(Aim of the exercise) When you reach the line with "In the 2006" in the records below, begin transcribing exactly and continue up to and including the line with "中央の装飾金具の作りは華鬘(けまん)の様 卍の文様などから", leaving out every picture.

(Given records)
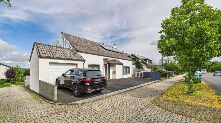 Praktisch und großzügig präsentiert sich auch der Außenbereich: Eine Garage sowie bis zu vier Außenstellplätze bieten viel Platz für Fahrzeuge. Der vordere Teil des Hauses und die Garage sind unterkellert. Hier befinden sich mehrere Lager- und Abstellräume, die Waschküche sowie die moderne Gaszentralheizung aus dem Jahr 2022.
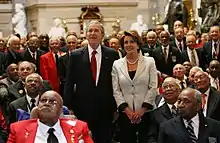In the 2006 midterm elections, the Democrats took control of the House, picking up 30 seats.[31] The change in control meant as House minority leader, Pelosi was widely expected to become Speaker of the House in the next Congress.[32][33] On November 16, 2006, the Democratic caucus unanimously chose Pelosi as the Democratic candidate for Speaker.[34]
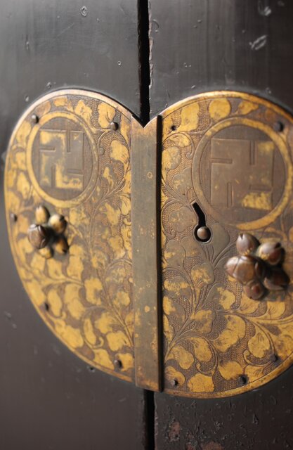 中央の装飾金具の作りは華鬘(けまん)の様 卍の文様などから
...
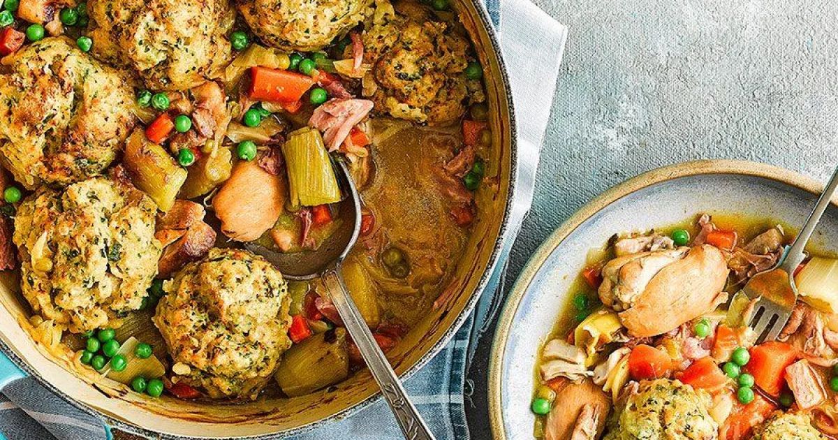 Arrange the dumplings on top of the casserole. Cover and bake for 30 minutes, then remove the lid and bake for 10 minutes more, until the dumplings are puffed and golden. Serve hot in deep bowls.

(Result of the task)
In the 2006 midterm elections, the Democrats took control of the House, picking up 30 seats.[31] The change in control meant as House minority leader, Pelosi was widely expected to become Speaker of the House in the next Congress.[32][33] On November 16, 2006, the Democratic caucus unanimously chose Pelosi as the Democratic candidate for Speaker.[34]
 中央の装飾金具の作りは華鬘(けまん)の様 卍の文様などから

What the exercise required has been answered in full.